AVAILABLE DATA: Begin

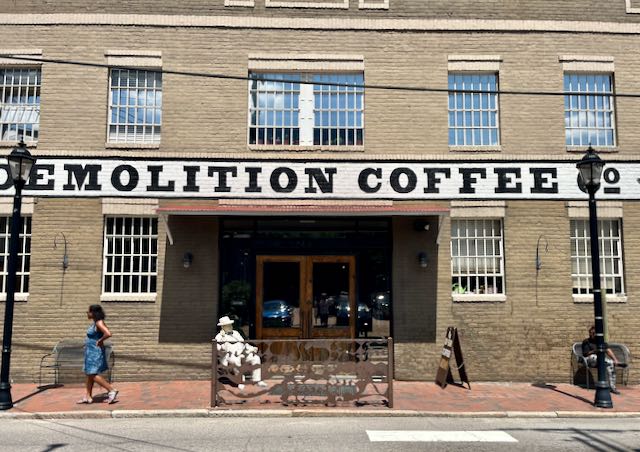I needed to get home. I bicycled the three or four miles back to my car and drove the five or six hours to Chapel Hill NC. Two thirds of the way home, twenty miles south of Richmond VA, I stopped at my favorite Baltimoresque Virginia town, one that gets almost no respect, Petersburg VA. For the road I ordered an oat mile latte, one pack sugar, at Petersburg’s Demolition Coffee. The guy in the white suit is an artwork.
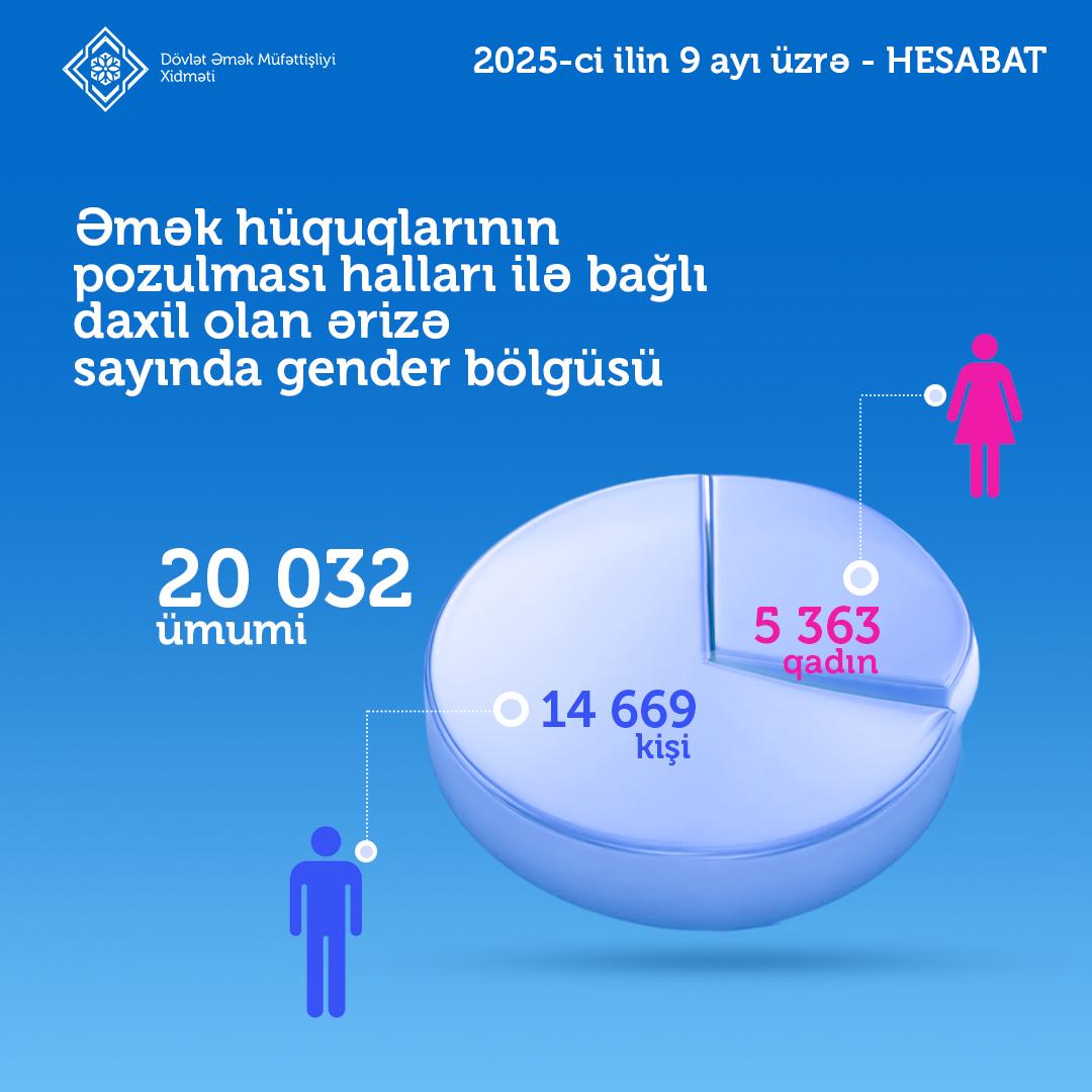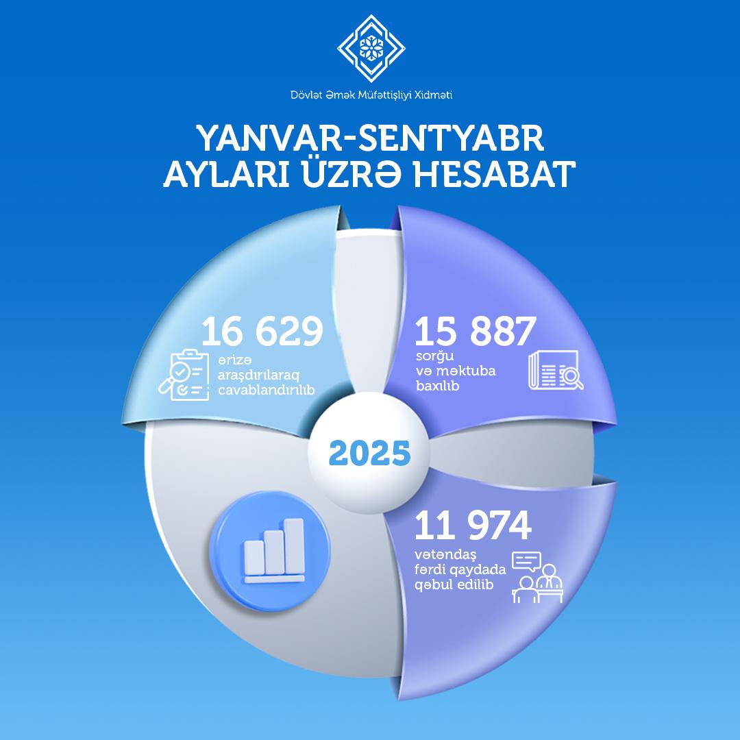 Dövlət Əmək Müfəttişliyi Xidməti tərəfindən 2025-ci ilin 9 ayı ərzində vətəndaşlardan 20 032 ərizə daxil olub
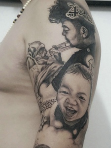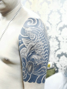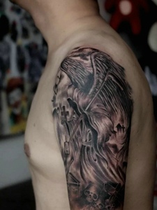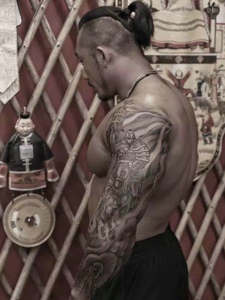 肌肉男帅气霸道的半甲纹身完美无瑕
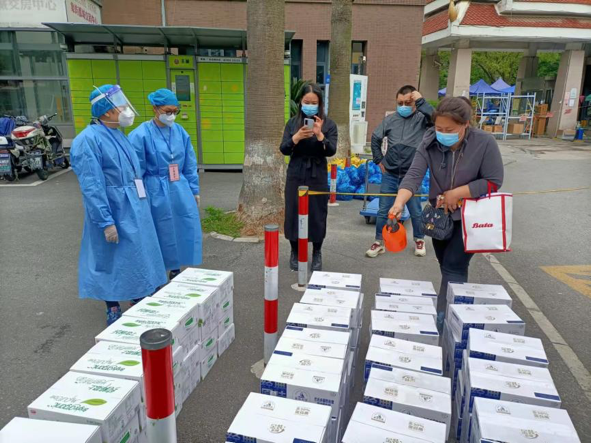4月30日,小区降为管控区,如何有效避免人群聚集取货、落实外来物资消杀成为当期工作重点。
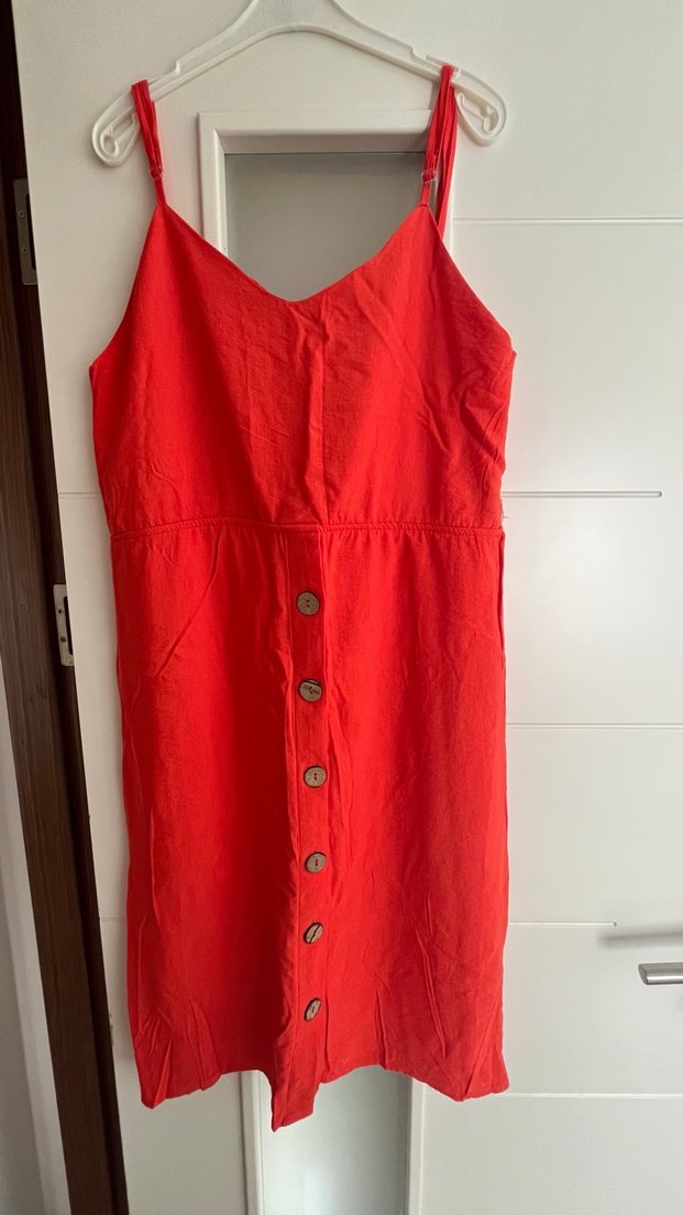 Keten kumaştan, kırmızı renkli, düğmeli ve V yakalı, kolsuz, midi boyda, ince kesimli sade bohem tarzda elbise.
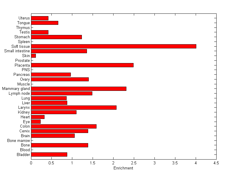 The expression level is normalized with tissue-library size. Each value for a gene in a tissue is a ratio of observed ESTs to the expected one in this tissue. The expected number of ESTs is the product of total ESTs of the gene and the fraction of total ESTs in the tissue among all ESTs in 30 tissues.

AVAILABLE DATA: End

PROBLEM REQUIREMENTS:
Word for word, copy all the entries above, but with no pictures.

SOLUTION:
I needed to get home. I bicycled the three or four miles back to my car and drove the five or six hours to Chapel Hill NC. Two thirds of the way home, twenty miles south of Richmond VA, I stopped at my favorite Baltimoresque Virginia town, one that gets almost no respect, Petersburg VA. For the road I ordered an oat mile latte, one pack sugar, at Petersburg’s Demolition Coffee. The guy in the white suit is an artwork.
 Dövlət Əmək Müfəttişliyi Xidməti tərəfindən 2025-ci ilin 9 ayı ərzində vətəndaşlardan 20 032 ərizə daxil olub
 肌肉男帅气霸道的半甲纹身完美无瑕
4月30日,小区降为管控区,如何有效避免人群聚集取货、落实外来物资消杀成为当期工作重点。
 Keten kumaştan, kırmızı renkli, düğmeli ve V yakalı, kolsuz, midi boyda, ince kesimli sade bohem tarzda elbise.
 The expression level is normalized with tissue-library size. Each value for a gene in a tissue is a ratio of observed ESTs to the expected one in this tissue. The expected number of ESTs is the product of total ESTs of the gene and the fraction of total ESTs in the tissue among all ESTs in 30 tissues.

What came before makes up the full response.